Her şeyden önce Türkiye, Güney Kafkasya’nın bir “barış ve istikrar adası” olmasını amaçlamakta ve bu yüzden Gürcistan’daki gelişmeler, Türkiye-Ermenistan, Türkiye-Azerbaycan ve Azerbaycan-Ermenistan ile ilişkilerin iyileştirilerek normalleşmesi gerekmektedir. Bunun o kadar kolay olmadığı da akıldan çıkarılmamalıdır. Ayrıca, tarihî Ermeni meselesini unutmamak gerekmektedir.

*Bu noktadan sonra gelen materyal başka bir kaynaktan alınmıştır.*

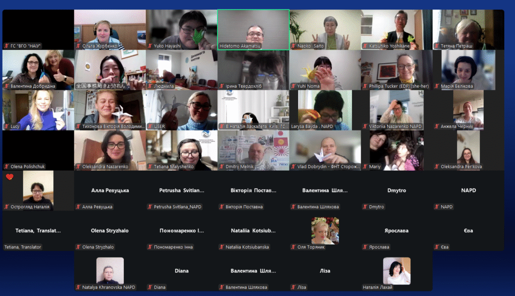 До зустрічі долучилися діти й дорослі, представники організацій людей з інвалідністю, партнери та друзі Національної Асамблеї людей з інвалідністю України (НАІУ). Разом вони складали журавликів — таких самих, які японські друзі надіслали до України як знак підтримки та побажання миру.
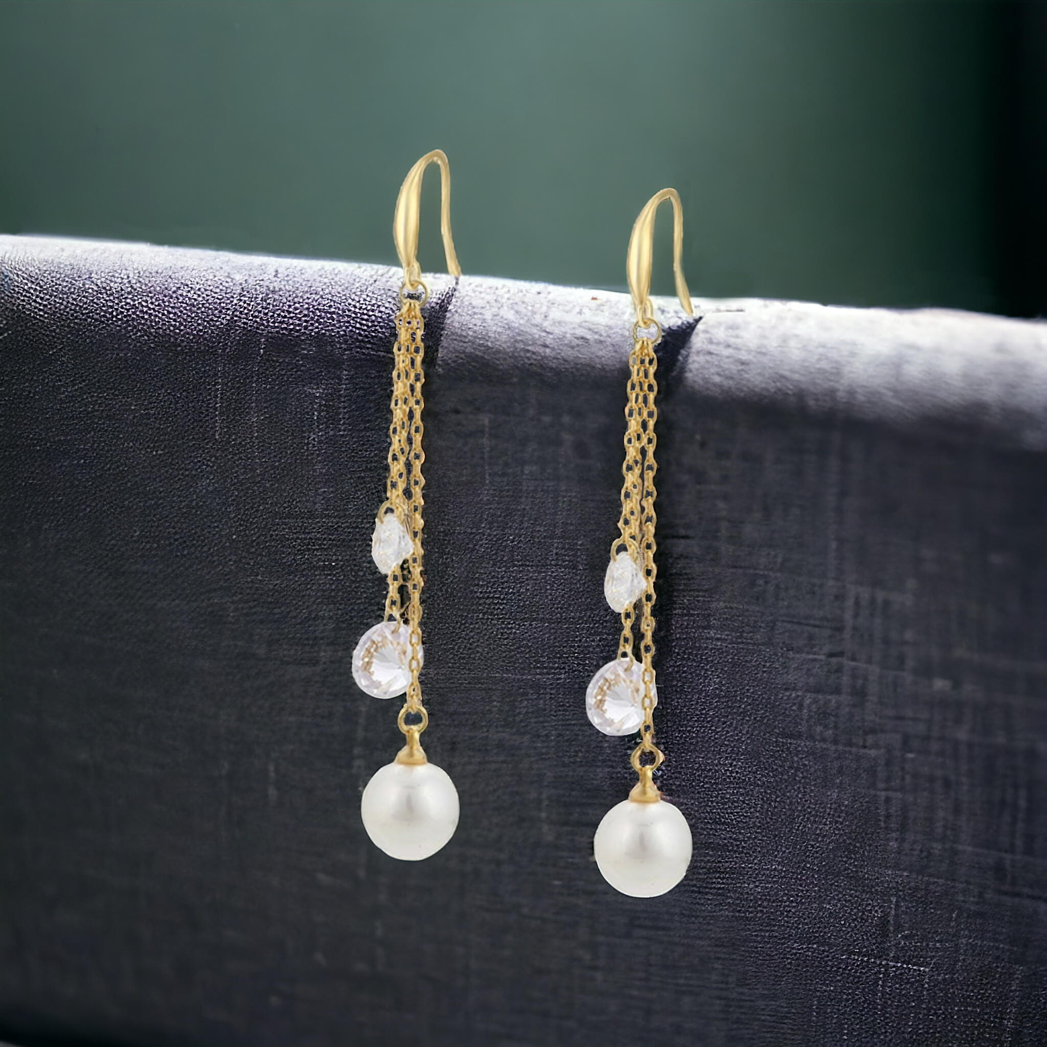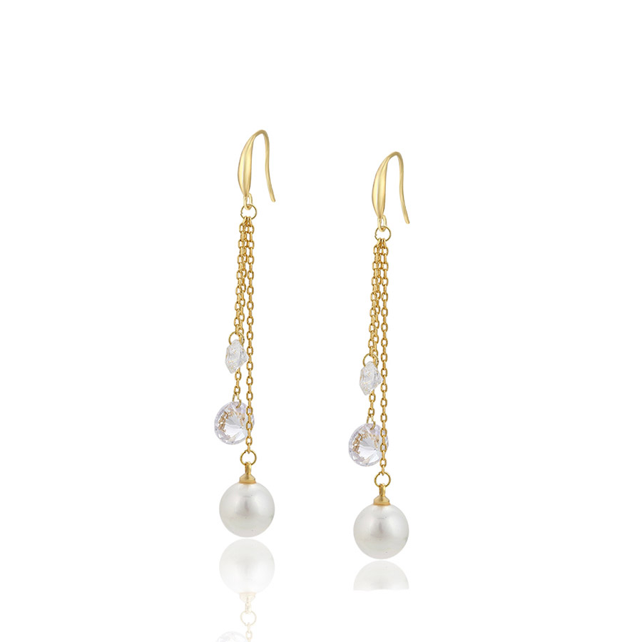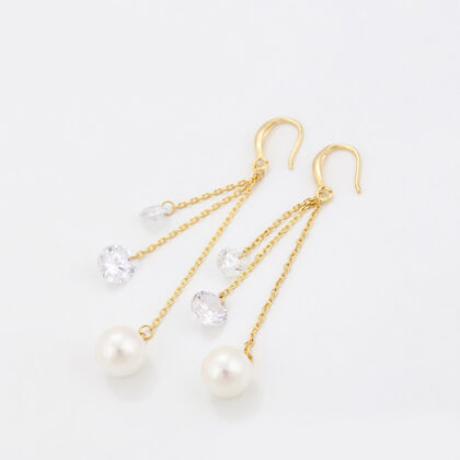 Cerceii eleganti cu perla placati aur 24k emană eleganță și strălucire, transformându-i într-o bijuterie de excepție. Acești cercei se remarcă prin simplitatea lor rafinată și frumusețe. Forma lor clasică și versatilă îi face potriviți pentru a fi asortați cu orice ținută și ocazie.

Şunu belirtelim ki, Türkiye’de, Kıbrıs ve Ermeni meselesinde uzun yıllardır klişe sözlere indirgenmiş savunmacı, sürekli karşı taraftan taviz bekleyen ama kendisi kati surette tavize yanaşmayan ve bu yüzden sorunların kronikleşmesine hizmet eden bir anlayış hakim olmuştur. Bu tavır Soğuk Savaş şartları içinde şekillenmiş ve diğer yaklaşımlara kapalı bir hal almıştır. Bir kere bu zihniyet ve anlayışın derhal terk edilmesi gereklidir.
Bu zihniyet engelinin aşılması için ilk önce, bütün bu sorunlar karşısında “yeni ilişki tarzları” geliştirilmelidir. Bu yeni tarz, sorun çözücü, başka fikir ve yaklaşımlara açık, kendine güvenen “sonuç odaklı” bir yaklaşım olmalıdır. Bunun için yeni bir zihniyet ve bu zihniyete sahip bireylere ihtiyaç vardır. Çünkü “yeni şeyler, eski zihniyete sahip bireylerle yürütülemez. Genel çerçevede, Ermeni meselesi de bundan müstağni değildir.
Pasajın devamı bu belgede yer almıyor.